Brimelow : Shall we take questions?

Chairman : Yeah, we’re going to have a brief question and answer period of about 15 minutes or so. If you have a question, just make your way to the back. We have a microphone on this side, that Sarah is monitoring as well, so….

Question No. 1 : Mr. Brimelow, thank you so much for coming to speak to us tonight. My question for you is with regard to diversity. With the immigration reforms that you’re proposing, there could indeed be a lack of diversity in our nation. I was wondering how important you think diversity is for us as a nation—diversity of races, opinion, thought—and maybe just what place you think that has in our society, our schools, our places of work, et cetera.

Brimelow: I think you can make a strong case for diversity of thought. And I would say, actually, that was the characteristic of the English-speaking world, since the advent of the modern age. I don’t see particularly why you need diversity of race or of anything else. In fact, it seems to me that works in the opposite direction. It’s when you have deep divisions in the population it becomes impossible to discuss things because peoples feelings are too sensitive.

But of course, what does it matter what I think? The real question is—we should go to the American people and tell them, “Do you want to have the country transformed completely by 2050?” And the people who are in favor of this transformation should tell us whey they’re in favor of it. And then we’ll have a vote on it, and see what happens.

Question No. 2 : We’re always told that it’s impossible to patrol the border, it’s too long, it would require too many people to man it. Also, once an illegal immigrant gets into the country, they may have children who I would assume would be, if they were born in the U.S., citizens. So how practical is it to do this?

Brimelow : Well, at any one time, the U.S. Border Patrol has about 10-11,000 people that they can put on the border. There are something like 130,000 American troops in Iraq. What’s wrong with this picture? What is the national priority here?

Of course the U/S. government could control the border if it wanted to. There are machines to do it, there are sensors to do it. The southern border is about two and a half thousand miles long. There are forty thousand miles of interstate in this country. If they built an interstate along the whole thing, then they could stop people from coming across. It’s not a difficult problem.

Your other question is a very important one. It is true that, under current interpretation of American law, of the Fourteenth Amendment, any child born in the U.S., even to an illegal alien parent, is an American citizen. And that makes it practically impossible to deport them. It’s not absolutely legally impossible, but it’s difficult. And, of course, nobody has the guts to do it. I think that doing something about the “citizen child” clause is essential to getting control of America’s borders right now.

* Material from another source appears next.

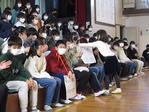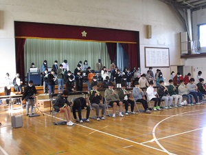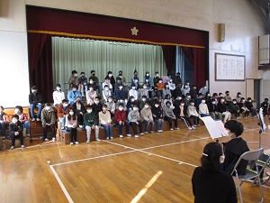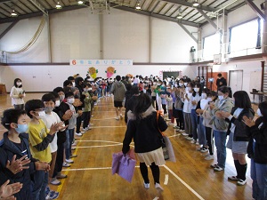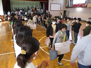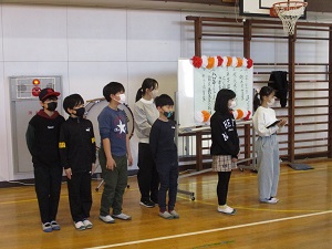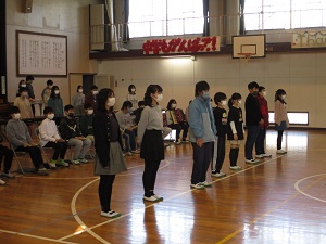 「6年生を送る会」が行われました。6年生に、これまでありがとうという感謝の気持ちと中学校へ行ってもがんばってほしいという応援の気持ちを込めて、各学年趣向を凝らした発表になりました。元気いっぱいに踊ったり、クイズで盛り上がったり、6年生と対決したりしました。笑いあり、しっとりする場面あり、すてきな「6年生を送る会」になりました。6年生が発表した合奏「ミックスナッツ」。テンポのいい迫力ある演奏でした。6年生の真剣な表情が目に焼き付いています。がんばる6年生の姿を見られるのも、後わずかとなったのが淋しいです。6年生の皆さん、残り16日を、感謝の気持ちをもって、友達との仲を深め、大切に過ごしてください。
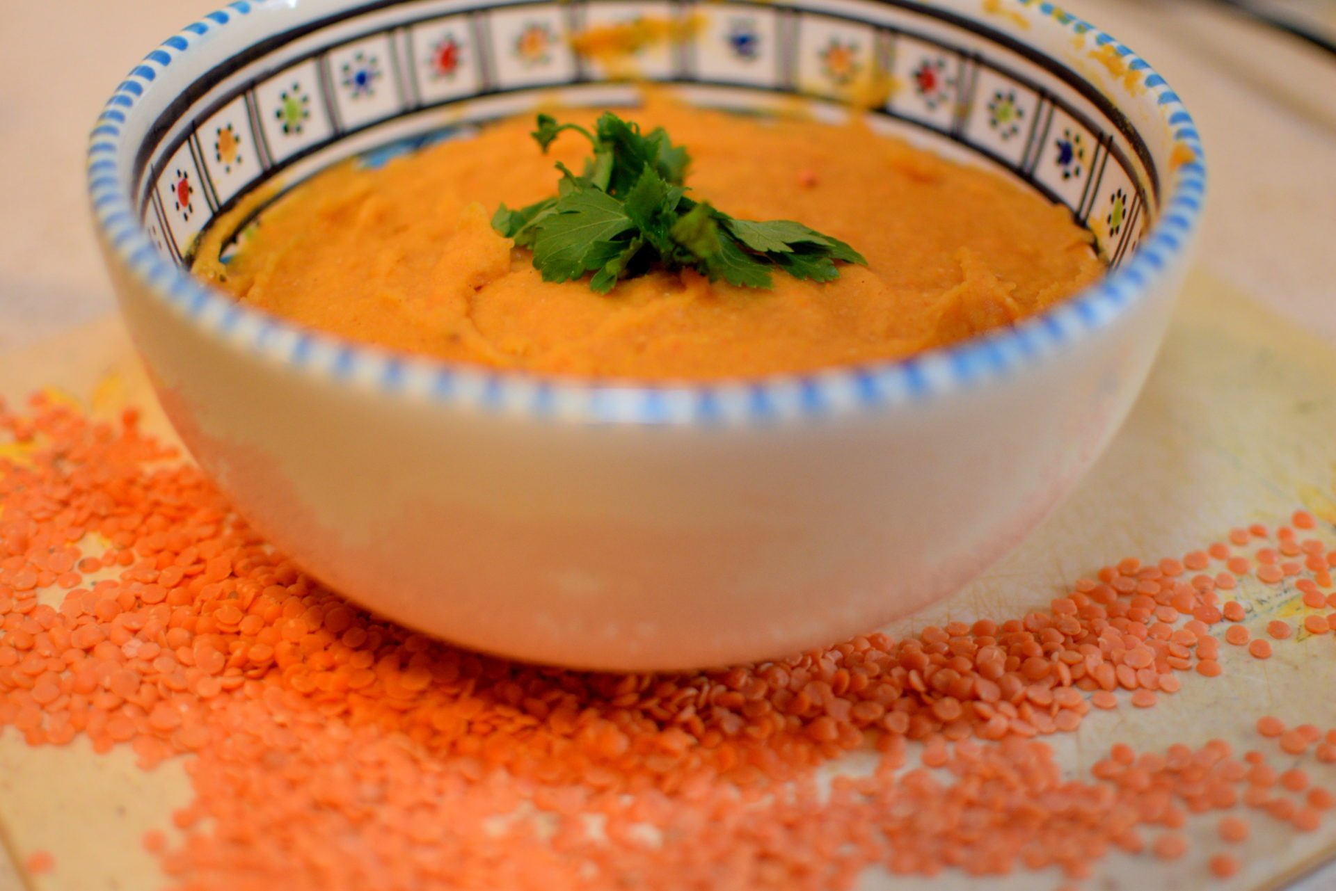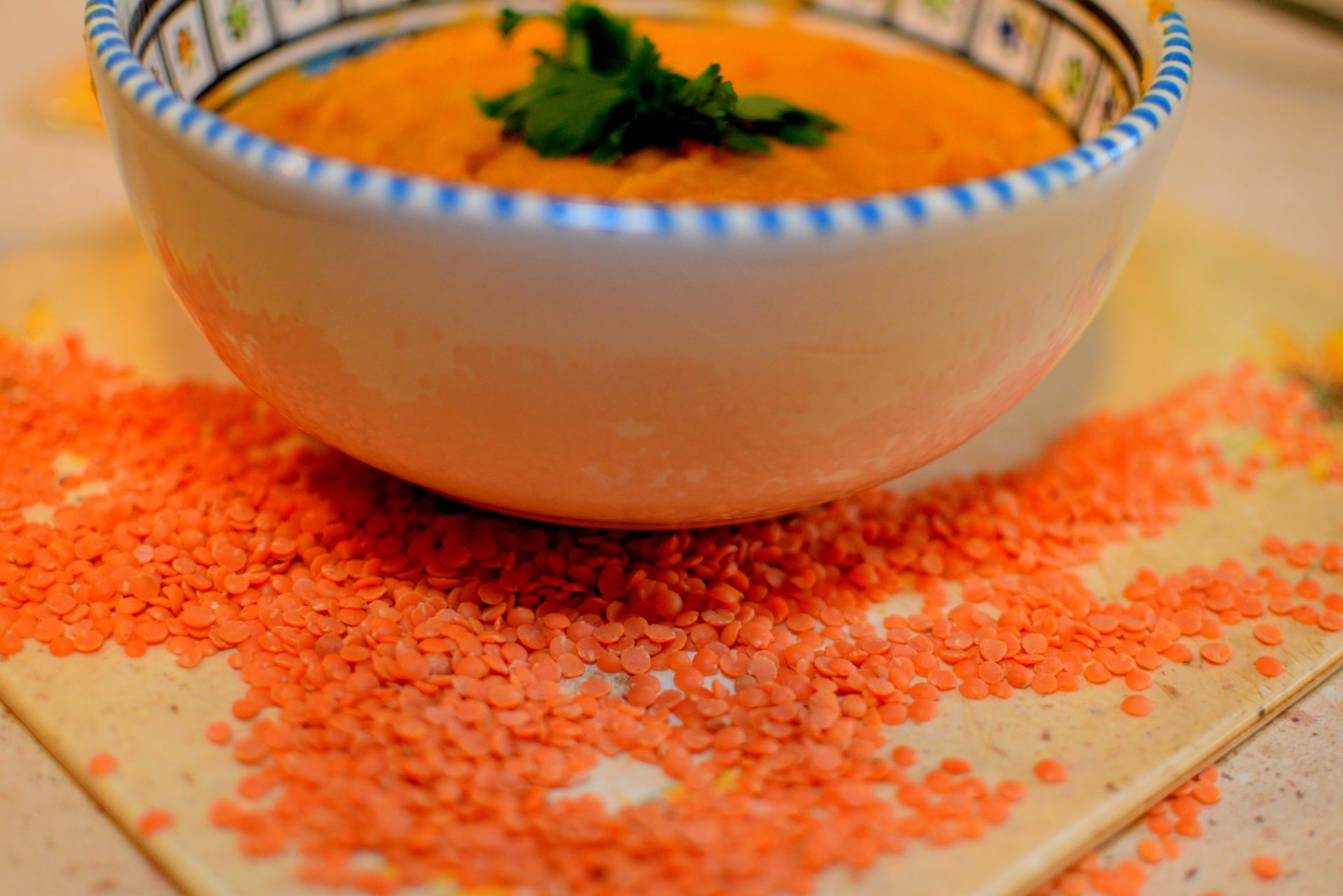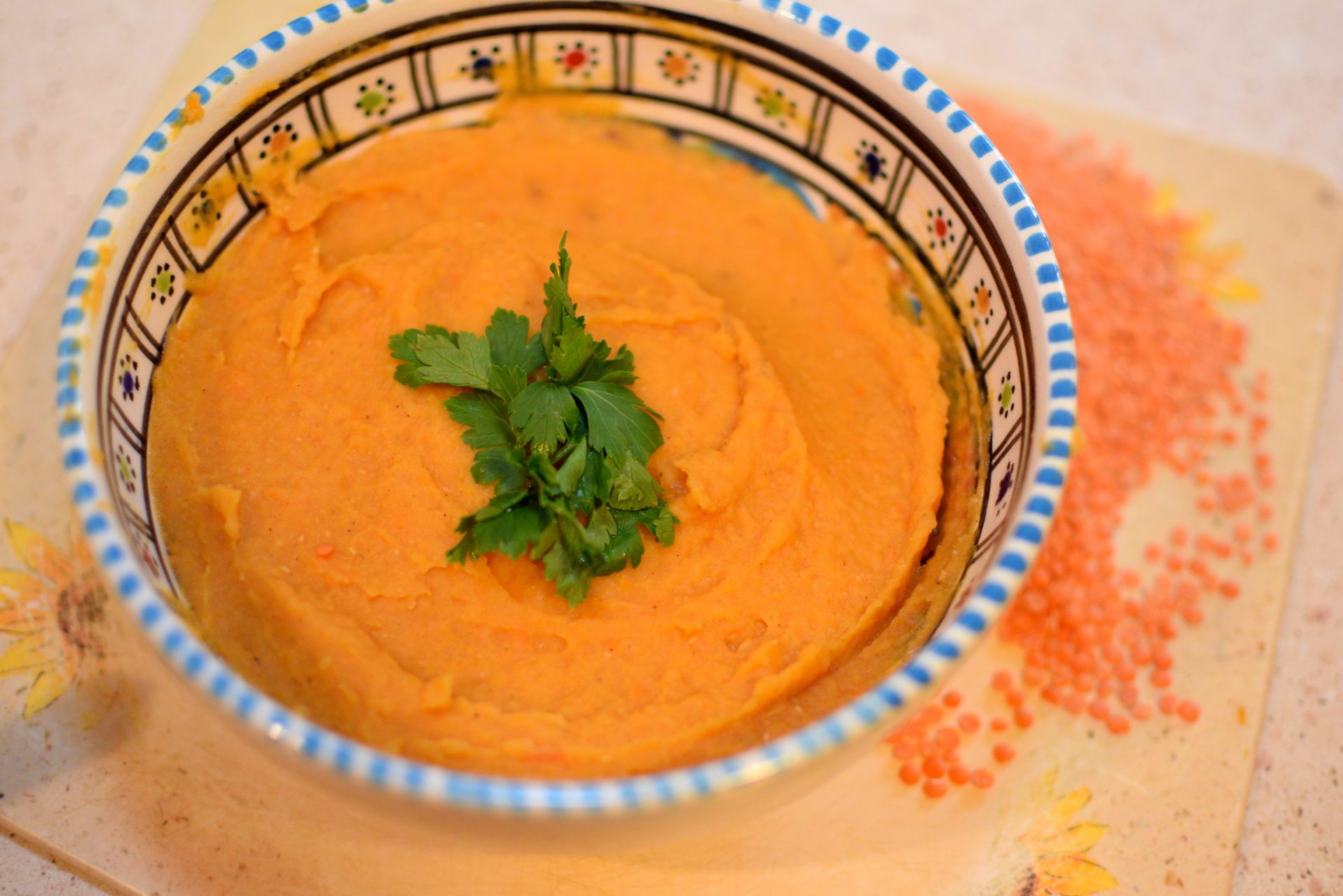 Dzisiaj zupa krem z czerwonej soczewicy. Soczewica należy do roślin strączkowych, warto włączyć je do naszej diety przynajmniej raz w tygodniu. Są niezwykle cennym źródłem węglowodanów, błonnika, składników mineralnych takich jak wapń, fosfor, żelazo, magnez potas, cynk oraz witamin- beta-karotenu, B1, B2, B6, PP.

Above all, you can’t have any kind of a guest worker amnesty program without doing something about the Fourteenth Amendment. Because otherwise any guest worker who has a child here is here for good. See, the thing about them is this: these children are immediately welfare magnets. They get tremendous subsidies from the federal government and from state governments. And those subsidies are in the hands of the parents, to spend any way they want.

So this has totally altered the incentive structure for immigration. People have every incentive to stay here, and have a child here.

So this is a reform that needs to be done.

But the problem is not as complex as people think it is, you know. Every year, about two to three hundred thousand illegal immigrants go back. There’s tremendous rotation over the border. You could encourage them to self-deport by simply removing the subsidies that exist right now. For example, by simply taxing remittances.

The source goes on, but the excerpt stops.